Being born in an advanced country was the biggest prize in the lottery of life. A study by Branko Milanovic of the World Bank shows that if each nation’s population is divided into 20 income classes,then climbing nine rungs from the bottom — a tough task in countries with arthritic physical and social infrastructure like India — will take a person the same distance as being born in a country twice as rich. Country of birth explains about 60 per cent of one’s position in global income distribution. The poorest 5 per cent of Germany are,as a group,at the 73rd percentile of world income distribution,that is,more affluent per capita than the richest 5 per cent of Indians. This ovarian lottery is amplified within India; much of the country’s demographic dividend over the next decade will occur in states with weak 3E (education,employability and employment) ecosystems; Uttar Pradesh,Bihar and Madhya Pradesh will account for 40 per cent of the increase in 15-59-year-olds but only 10 per cent of the increase in GDP. Maharashtra,Gujarat,Tamil Nadu and Andhra Pradesh will account for 45 per cent of the increase in GDP but less than 20 per cent of the addition to the workforce.
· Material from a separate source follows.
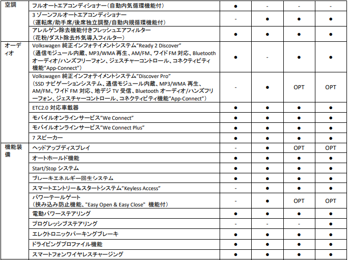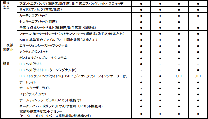 諸元表や主要装備表、オプション体系などは以下をご参照ください。

Over the next decade India’s mismatch between economic energy and population growth becomes a crisis because of our demographic dividend. Our demographic dividend needs school reform,higher education deregulation and skill expansion. But these supply side interventions are necessary but not sufficient without demand side — job creation — interventions. Reforming labour laws is crucial to transforming our labour force; higher manufacturing,formal,non-farm and wage employment. But accelerating urbanisation (water and sewage infrastructure,public transport,town planning,balancing tenancy and landlord rights,etc) and facilitating migration (employment exchanges,resisting local hire requirements,apprenticeship programmes,taking training to people rather than bring people to training,etc) are key to sabotaging the ovarian lottery.
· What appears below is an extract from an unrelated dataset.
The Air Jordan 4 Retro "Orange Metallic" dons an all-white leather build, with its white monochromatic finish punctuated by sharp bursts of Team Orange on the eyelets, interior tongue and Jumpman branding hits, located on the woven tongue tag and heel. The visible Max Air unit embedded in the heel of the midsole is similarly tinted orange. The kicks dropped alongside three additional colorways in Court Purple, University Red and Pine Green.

Contrary to perceptions,India’s biggest geography of work intervention — the National Rural Employment Guarantee Scheme (NREGS) — has not reduced migration or made farm labour unavailable. When landowners say they cannot find farm labour,they mean they cannot find it at the price they used to. NREGS is like the LIBOR rate,a benchmark not used directly but as a basis for negotiation. This wage rise is not all horrible; one of the primary objectives of economic reforms is raising wages as productivity rises. But NREGS sets wages far ahead of productivity and sabotages India’s labour transformation. NREGS was created and is sustained out of despair; urbanisation and migration are born out of hope. Policy must choose hope.